检牌结束后,发牌员迅速将牌收拢,开始洗牌,他的手法极快,牌在他的手里来回穿梭,翻飞、旋转、交错,发出清脆而有节奏的声响,就像看一场十分精彩的表演。
值得一提的是,我注意到他胸前的工作编号,能在这个地方工作的,无论是薪酬还是待遇应该都是极佳,刚刚看过赌场手册,工作人员参与作弊,根据金额量刑,最低也要处罚二十年监禁。
想到这我的心情放松一些,既然是一场运气游戏,我不见得会输。
牌洗好后,发牌员将牌背面朝上平整摊开,随后双手放入垂在身侧,退后一步提示:“请下注。”

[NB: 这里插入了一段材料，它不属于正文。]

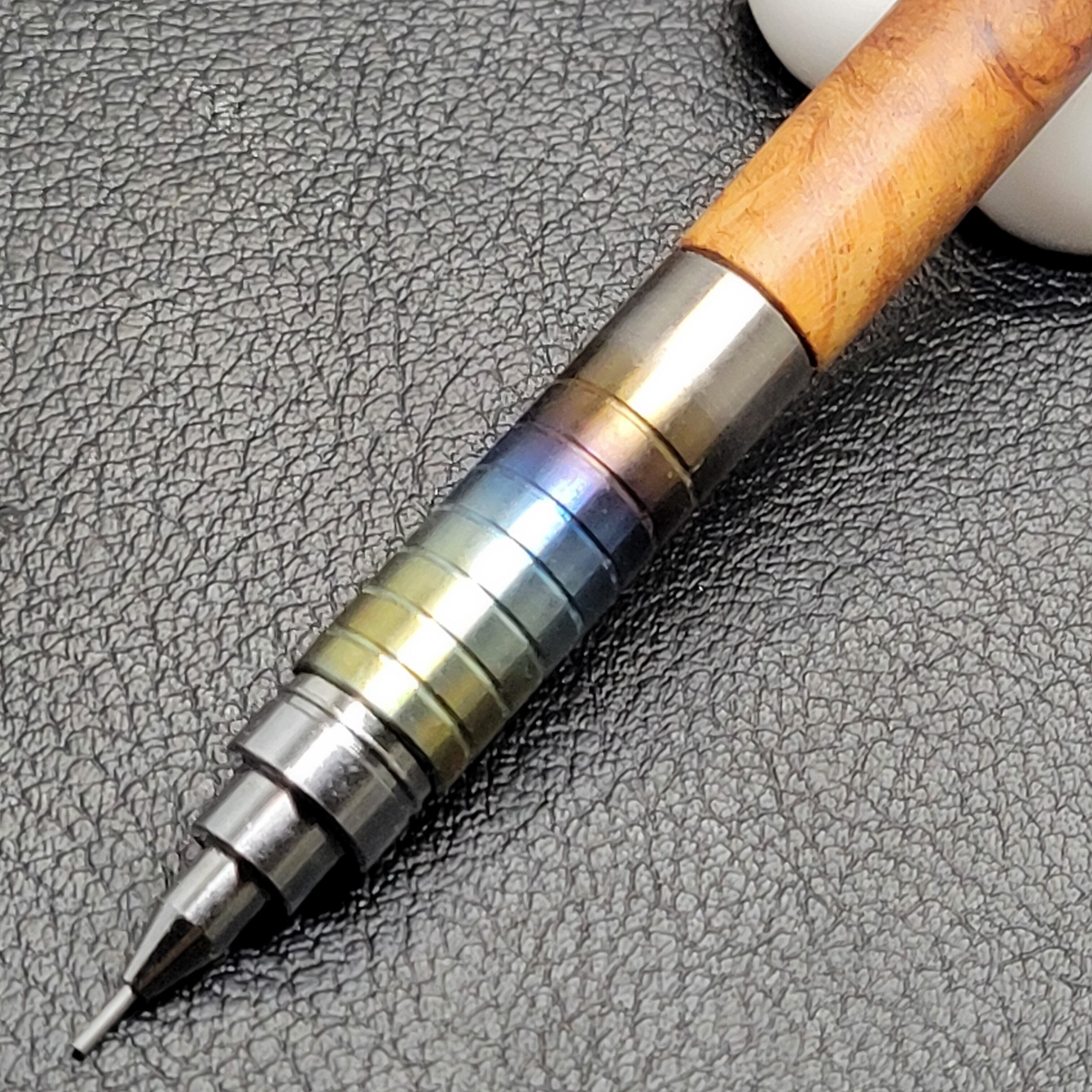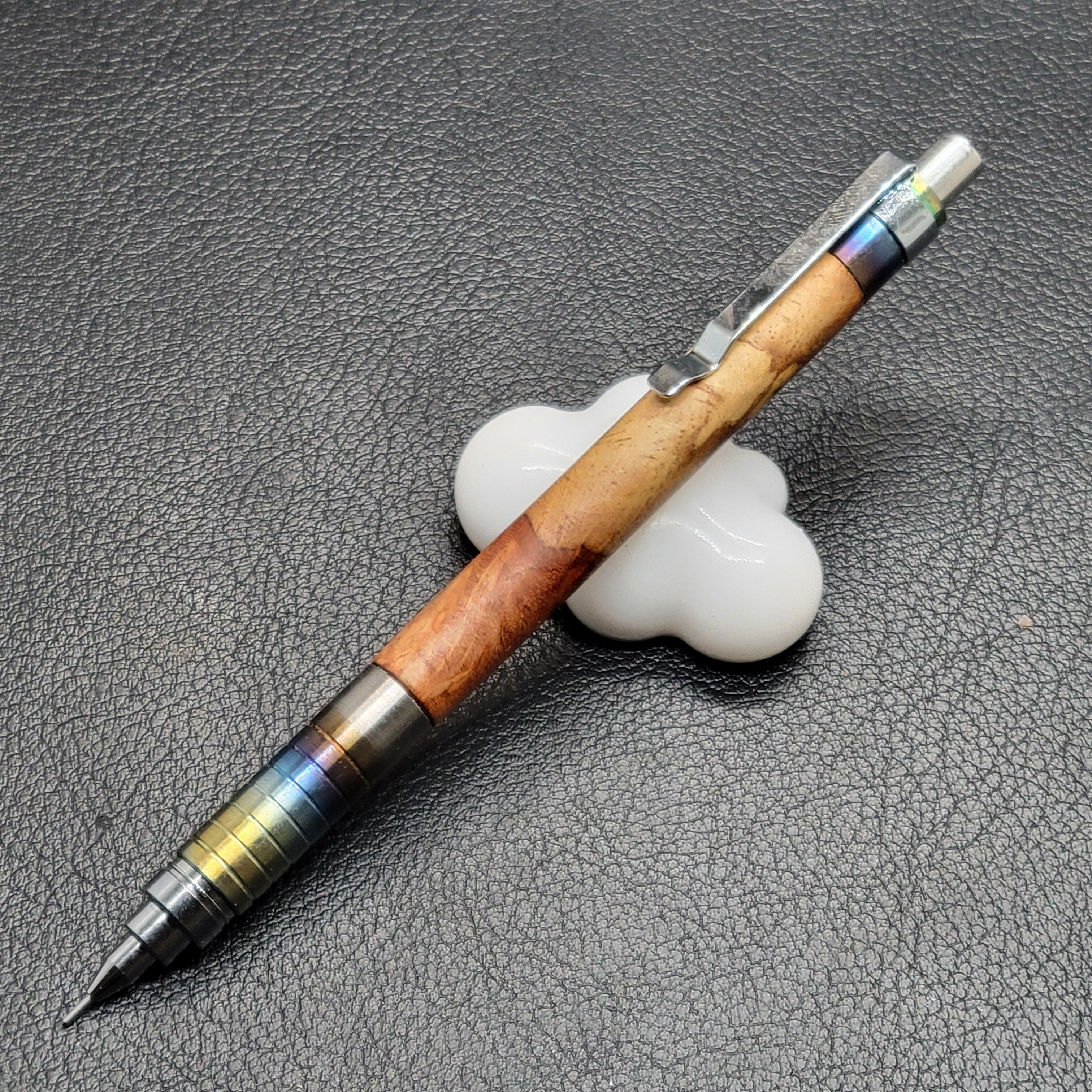 花梨瘤紅白スポルテッド+チタン焼き入れカスタムシャープペン
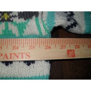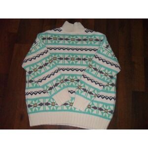 Cozy knit sweater featuring a unique Fair Isle pattern. This eye-catching piece boasts a comfortable mock neck and a classic pullover style, perfect for adding a touch of vintage charm to your wardrobe. The geometric design incorporates a blend of colors, creating a visually appealing and versatile garment.
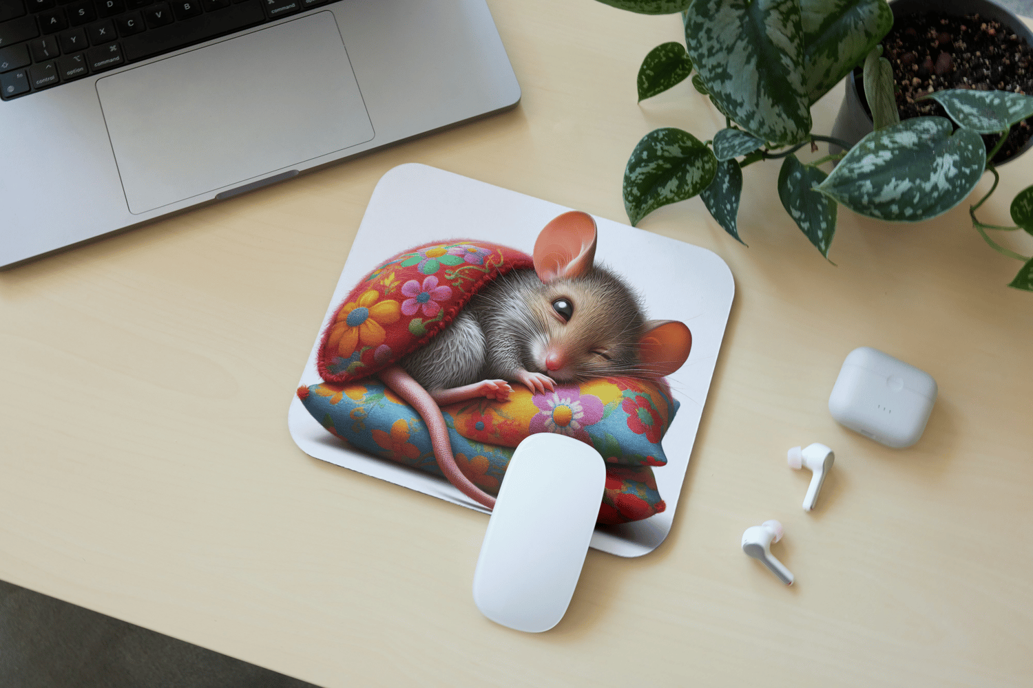 Bring charm and warmth to your workspace with this adorable mouse sublimation design! Featuring a cute mouse cozily snuggled on vibrant floral pillows, this design is perfect for creating a unique and personalized mouse pad. Ideal for animal lovers or anyone who enjoys adding a touch of whimsy to their desk.

罗亚瑟看了我一眼,伸手拿起两枚筹码,放在前面的白色圆圈里,动作随意就像丢两颗石子似的,罗格也跟着丢了两个,双手搭在桌上,略带挑衅看着我笑道:“不着急,咱们慢慢玩。”
发牌员从牌堆里从左到右推出三张牌,依次放在我们面前,手牌一共有四张,三张明牌和一张暗牌,从明牌上看来,我有较大的优势,不出意外我这一局赢了。
发牌员用一根细长的木尺轻轻拨到我的面前,动作优雅不失分寸。
连续几局以后,情况开始变得不太对劲,筹码就像流水一样从我面前消失,被那根木尺拨到对面,罗亚瑟面前筹码越堆越高,罗格在这一局因无筹码可用暂时退出,缓缓起身站在罗亚瑟的身后。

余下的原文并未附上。